## REQUIRED ACTION:
Beginning with the line that holds "Let og sporty", copy every remaining line of the listing below exactly, and leave the pictures out.

## GIVEN DATA:
►

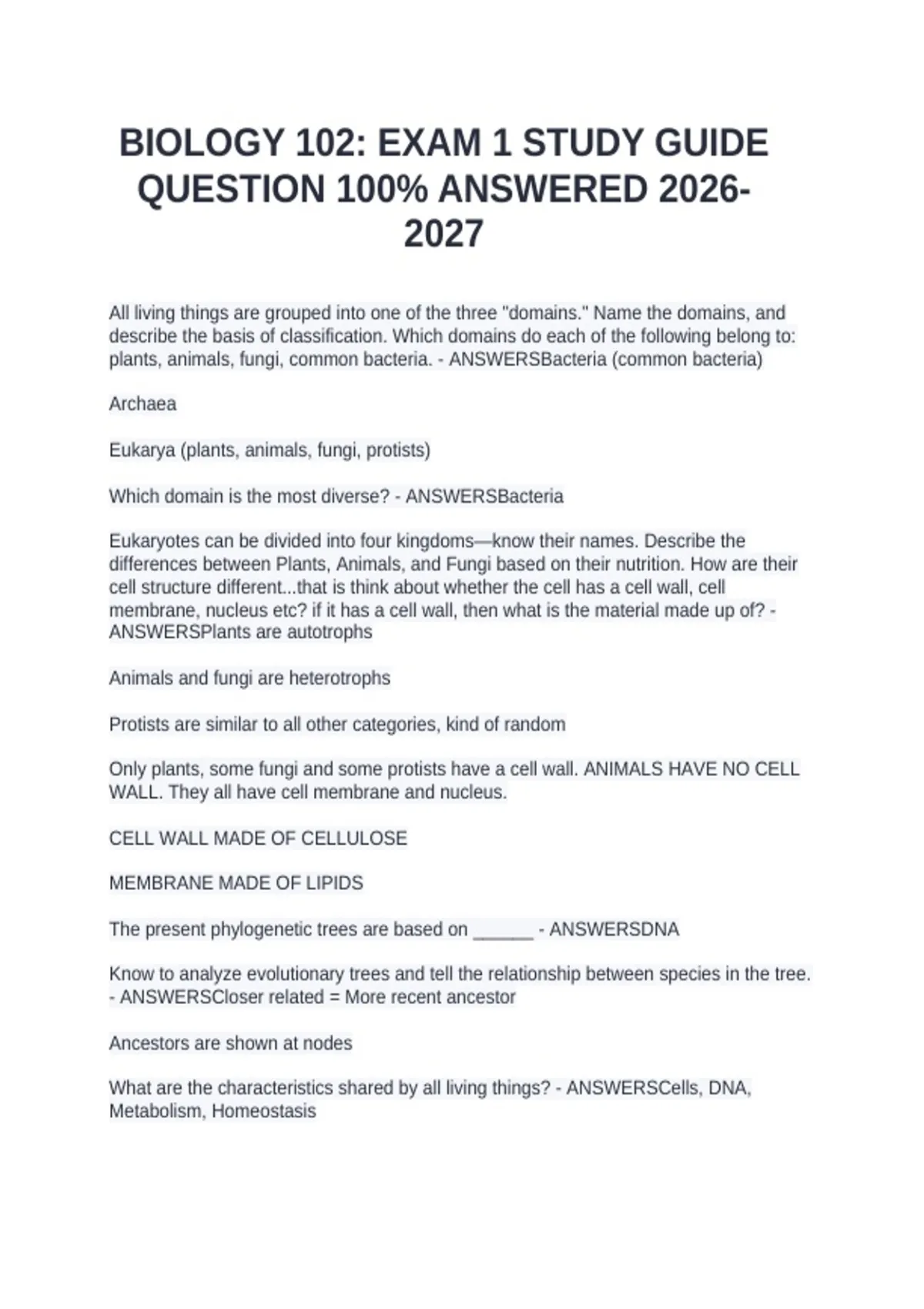 BIOLOGY 102: EXAM 1 STUDY GUIDE QUESTION 100% ANSWERED
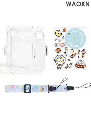 noon.comClear Camera Case Compatible with Fujifilm Instax Mini 12 Instant Camera, ,photo bag protective case,Mini 12 Hard Case with Photo Pocket Holds on Back and Adjustable Shoulder Strap & Cute Camera Sticker (blue).
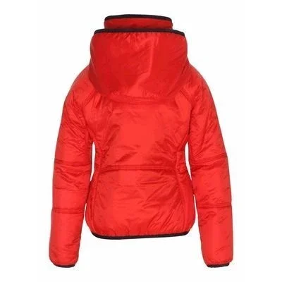 Let og sporty jakke i farven 'True Red'. Jakken har aftagelig hætte, lynlåslukning, sidelommer, hul til tommelfinger ved ærmeafslutning samt smarte sorte sportsbånd langs kanten. Jakken er vandafvisende og foret med flat padding, som giver god blødhed, lethed og holder på varmen.
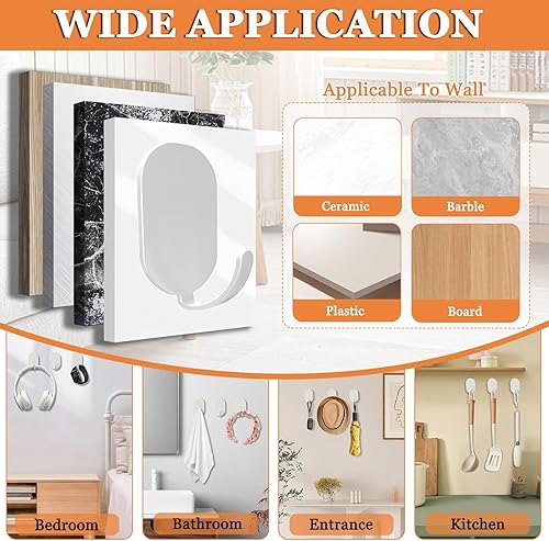12 Pezzi Ganci Adesivi Ganci Bianco, Gancio Adesivo da Parete per Bagno Bianco, Gancio Antiruggine Gancio per Asciugamani da Cucina Senza Foratura Gancio Autoadesivo (Bianco)

◄

## RESULT FOR THIS EXERCISE:
 Let og sporty jakke i farven 'True Red'. Jakken har aftagelig hætte, lynlåslukning, sidelommer, hul til tommelfinger ved ærmeafslutning samt smarte sorte sportsbånd langs kanten. Jakken er vandafvisende og foret med flat padding, som giver god blødhed, lethed og holder på varmen.
12 Pezzi Ganci Adesivi Ganci Bianco, Gancio Adesivo da Parete per Bagno Bianco, Gancio Antiruggine Gancio per Asciugamani da Cucina Senza Foratura Gancio Autoadesivo (Bianco)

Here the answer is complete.